◆ **Work task**:
Give the listing below again exactly, but without any of its pictures.

◆ **Data section**:
--------------------------------

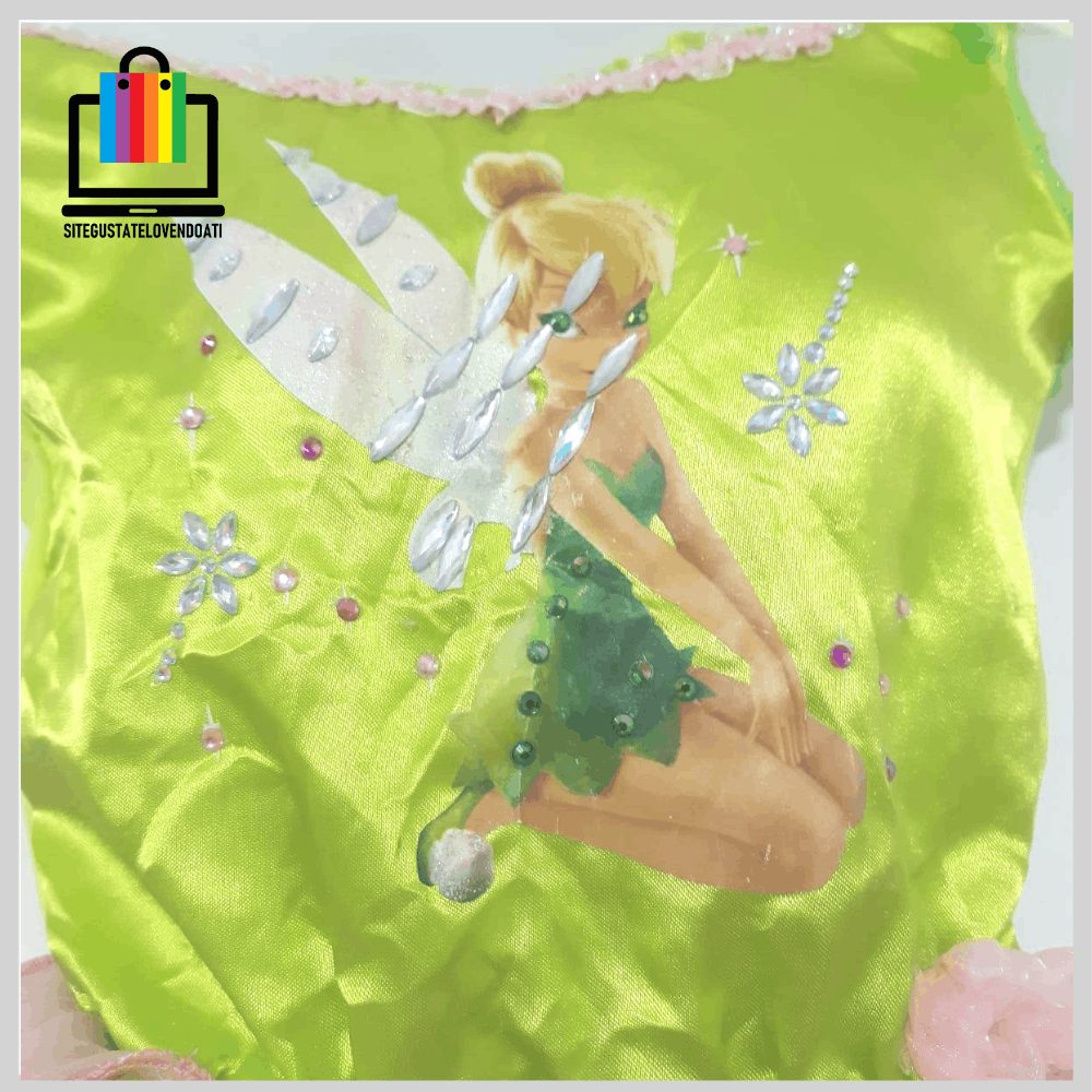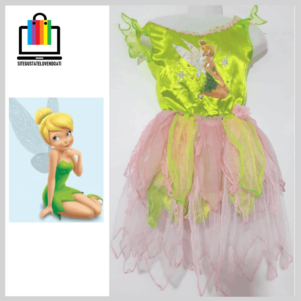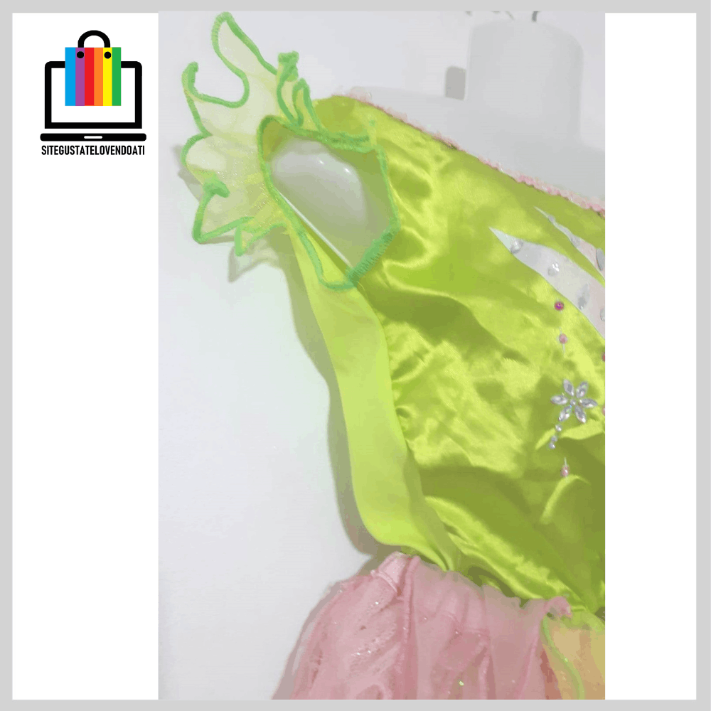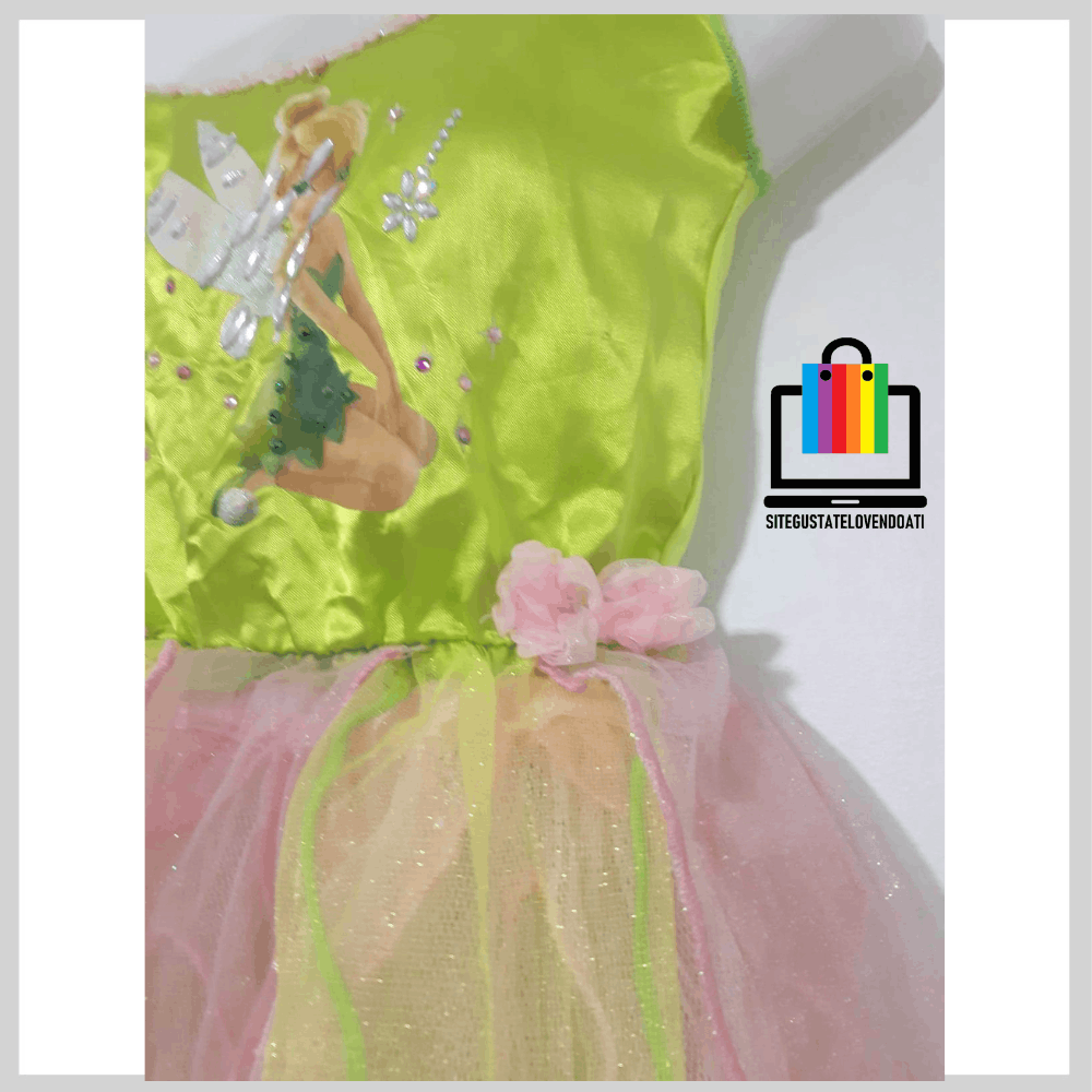 | ✅Disfraz Vestido Campanitas. ✅Elegante vestido fabricado en suaves telas, decoradas con brillos. ✅Disponible en talla: 3-4-5-6. ✅En la parte inferior posee tul verde y rosado con terminaciones en overlok. ✅La parte superior esta fabricada de tela verde brillante, con impresión de campanitas y decorada con brillos. |
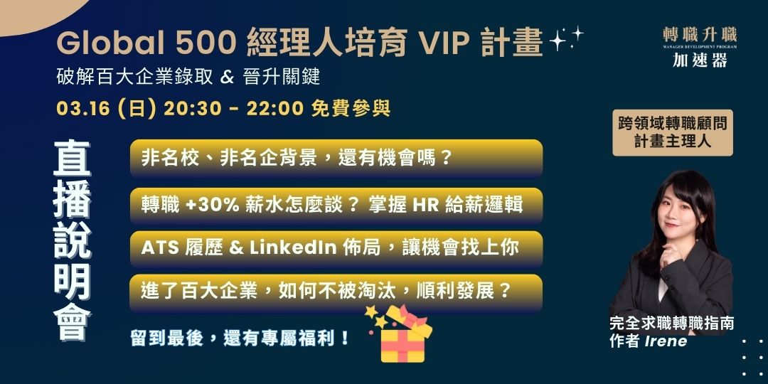 百大企業經理人培育計畫 Global 500 Manager Development Program 是一個實戰型轉職 + 職涯成長計畫,幫你快速找到方向、提升求職競爭力,拿下頂尖企業的工作機會,並且成為未來的經理候選人。這場說明會會告訴你如何做到!
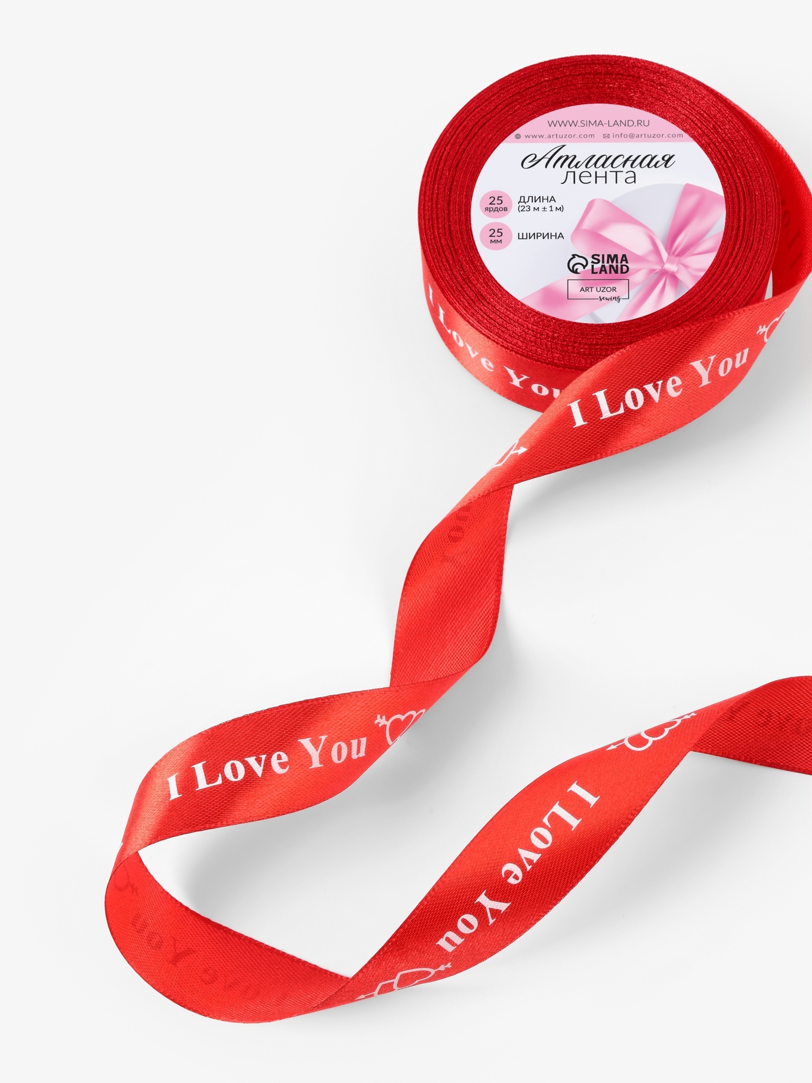 Лента атласная «i Love You», 25 мм, 23±1 м, красная №026
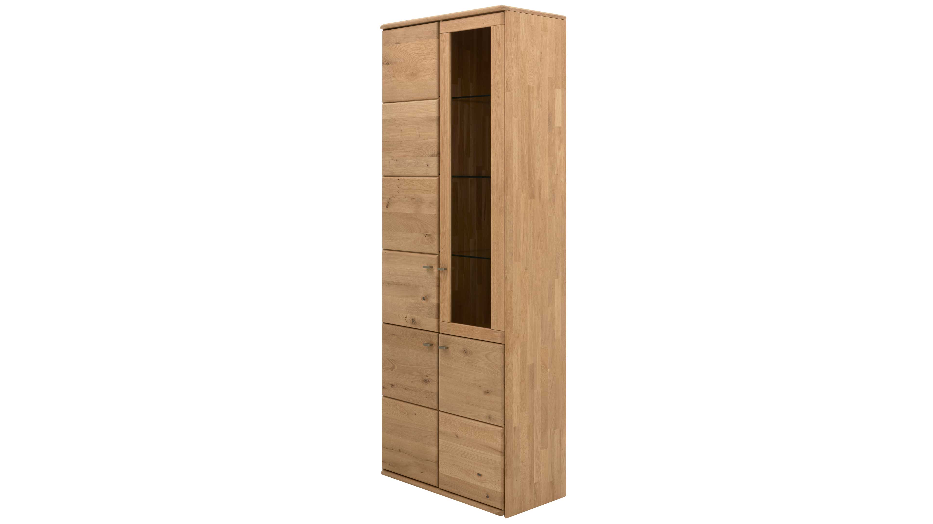 Die Vitrine aus der Interliving Wohnzimmer Serie 2028 kombiniert großzügigen Stauraum mit einer eleganten, modernen Optik. Gefertigt aus soft gebürsteter und geölter Wildeiche und veredelt mit Klarglaselementen sowie Metallgriffen, steht sie für natürliche Schönheit und funktionalen Wohnkomfort – perfekt für dich, wenn du Wert auf Stil, Struktur und hochwertige Materialien legst.

--------------------------------

◆ **Result**:
 | ✅Disfraz Vestido Campanitas. ✅Elegante vestido fabricado en suaves telas, decoradas con brillos. ✅Disponible en talla: 3-4-5-6. ✅En la parte inferior posee tul verde y rosado con terminaciones en overlok. ✅La parte superior esta fabricada de tela verde brillante, con impresión de campanitas y decorada con brillos. |
 百大企業經理人培育計畫 Global 500 Manager Development Program 是一個實戰型轉職 + 職涯成長計畫,幫你快速找到方向、提升求職競爭力,拿下頂尖企業的工作機會,並且成為未來的經理候選人。這場說明會會告訴你如何做到!
 Лента атласная «i Love You», 25 мм, 23±1 м, красная №026
 Die Vitrine aus der Interliving Wohnzimmer Serie 2028 kombiniert großzügigen Stauraum mit einer eleganten, modernen Optik. Gefertigt aus soft gebürsteter und geölter Wildeiche und veredelt mit Klarglaselementen sowie Metallgriffen, steht sie für natürliche Schönheit und funktionalen Wohnkomfort – perfekt für dich, wenn du Wert auf Stil, Struktur und hochwertige Materialien legst.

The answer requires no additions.